Year Zero by Rob Reid
Publisher: DelRey/July 2012
Low-level entertainment lawyer Nick Carter thinks it’s a prank, not an alien encounter, when a redheaded mullah and a curvaceous nun show up at his office. But Frampton and Carly are highly advanced (if bumbling) extraterrestrials. And boy, do they have news.
The entire cosmos, they tell him, has been hopelessly hooked on humanity’s music ever since “Year Zero” (1977 to us), when American pop songs first reached alien ears. This addiction has driven a vast intergalactic society to commit the biggest copyright violation since the Big Bang. The resulting fines and penalties have bankrupted the whole universe. We humans suddenly own everything—and the aliens are not amused.
Nick Carter has just been tapped to clean up this mess before things get ugly, and he’s an unlikely galaxy-hopping hero: He’s scared of heights. He’s also about to be fired. And he happens to have the same name as a Backstreet Boy. But he does know a thing or two about copyright law. And he’s packing a couple of other pencil-pushing superpowers that could come in handy.
Soon he’s on the run from a sinister parrot and a highly combustible vacuum cleaner. With Carly and Frampton as his guides, Nick now has forty-eight hours to save humanity, while hopefully wowing the hot girl who lives down the hall from him.
“Aliens suck at music.” So begins Rob Reid’s Year Zero. Nick Carter (not of the Backstreet Boys), is an entertainment lawyer who gets the office visit of a lifetime from two alien beings, Carly and Frampton. Of course the voluptuous, smart Carly intrigues Nick immediately, but they’re not on Earth for extra-curricular activities. They’re here to deal. See, the Refined League, a confederation of brilliant alien societies made the decision that humanity would never make the cut. We’d just never achieve Refined status. However, after distant anthropologists happened upon an episode of Welcome Back Kotter, their initial assessment of us being a bunch of idiots changed once the end credits started and the theme music began. Yep, the theme from Welcome Back, Kotter convinced these superior beings that they had found most wondrous thing in the universe, in the form of human music (called the “Kotter Moment.) Decades later, after sampling every single song in the human playbook, they made a startling realization: they owe us a huge amount of money. Seriously, huge, and Nick must find away to make a deal since it’s starting to look like the actual planet may be in danger. So, Nick sets out with Carly and Frampton on an interstellar trip to settle up and possibly save the Earth.

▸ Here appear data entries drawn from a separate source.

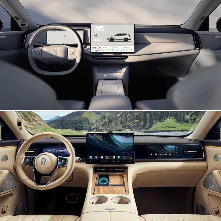 沃尔沃的座舱过去基本策略是以驾驶者为中心。XC70相比其他产品,屏幕和中岛倾向于驾驶席的角度稍微减少了一些。屏幕采取横向布局,它更加兼顾主副驾对屏幕信息的要求。如果选择双色车身(目前四驱款型上才有),车内有超强的起居室感。XC70的方向盘也不像XC60那么圆,这是考虑避免对屏幕信息都遮挡。在色彩上的考虑则是减少方向盘的沉重感。对于女性用户,会感觉方向盘没有那么沉,这台车应该轻巧敏捷好开吧。对比而言,XC60更加大哥感,XC70更加中性。SHOW TECH VS SHY TECH:问界新的M7与M9一样,大幅度增加了女性的好感度,但内饰的设计逻辑追求大哥好理解的豪华——显性豪华。M7是不需要感知,第一眼就能看懂的豪华。XC70是典型的Shy Tech,U型的内饰结构(M7 T型结构)层叠设计产生出层次感,也给非直射氛围灯布置留出空间。木材的色彩纹理选择,皮革的选择贴近于自然温馨。看起来不如问界贵,但五感体验上来之后,也有自己贵的理由。
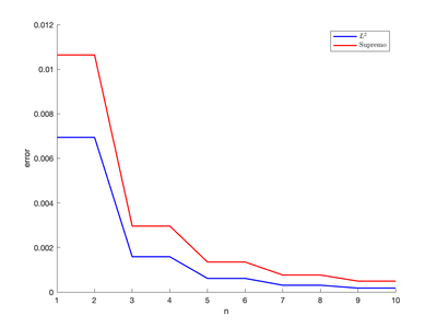 Aunque a simple vista se ve que la aproximación es buena, vamos a comprobarlo utilizando los errores en la norma [math] L^2 [/math] y en la uniforme.
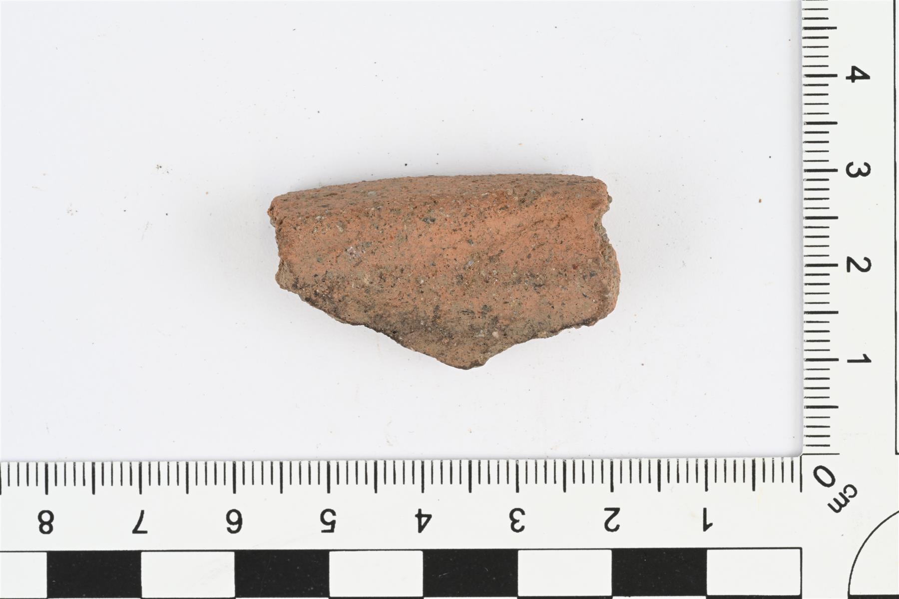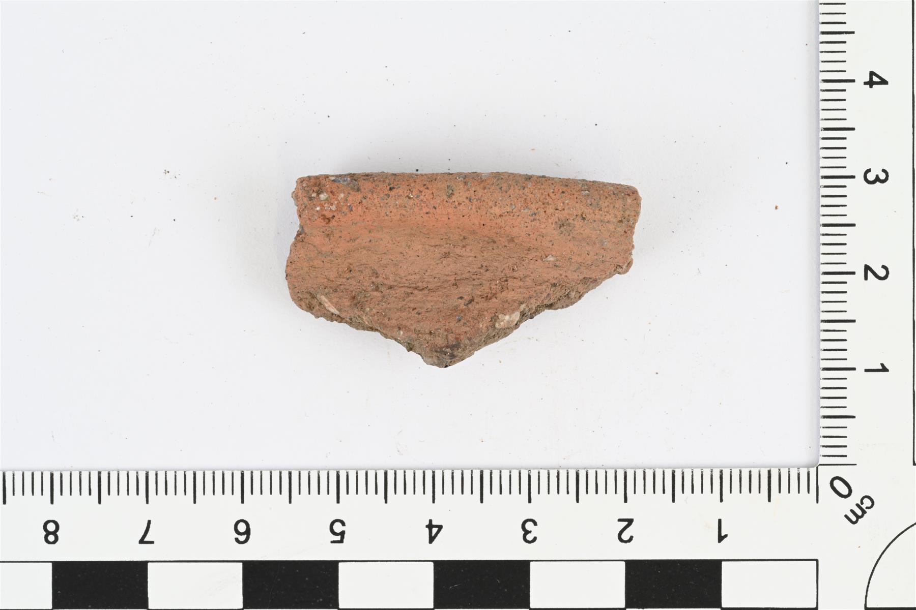 | Suureunapala. Karjalaista keramiikkaa. Reuna ulospäin taipuva, reunan ulkopinnalla voimakas paksunnos, reunan päällinen tasainen. Hiekka- tai kivimurskasekoite. Savimassan väri vaihtelee punaruskeasta harmaaseen. Reunan paksuus 12 mm, seinämän paksuus 6 mm. | |

Year Zero is told in Nick’s voice and while there’s plenty of adventure to be had here, it’s his observations of the many weird, wild alien life forms and environments that make this book such a blast. Usually I groan when I see footnotes in a book, but once I got into the swing of reading them (I’ll admit, I’m bad at ignoring footnotes, but you won’t want to ignore these), more times than not they made me laugh out loud and were always entertaining. Carly and Frampton are pretty jaded aliens and Nick’s absolute wonder at their spectacular world and technology is endlessly amusing to them. Rob Reid has a knack for setting up a scene and mining it for maximum laughs, and walking the line between so ridiculous it’s rather awesome and just plain ridiculous is tough, but he manages to do it, to fine effect. Music licensing is a serious (and lucrative) business, but serious really doesn’t factor into the equation here, and this razor sharp satire manages to make it fun (and actually kind of informative.) Inevitable comparisons will be made to Hitchhiker’s Guide to the Galaxy, and that’s a good thing, but Year Zero is a romp all its own.
Nick is an affable hero who thinks on his feet and Carly and Frampton are brilliant, funny, and awesomely weird. Don’t forget the talking parrot, pluhhhs (not THE pluhhhs), various other gooey, slimy, space things, Purfuffinites, and Wrinkles (the main mode of travel for Carly and Frampton), and plenty of pop culture references. So, can Nick figure out how to help them pay their ginormous music bill, save the world, and get the girl (his lovely neighbor, Manda)? You’ll just have to pick up a copy and find out! I promise you’ll have a helluva time!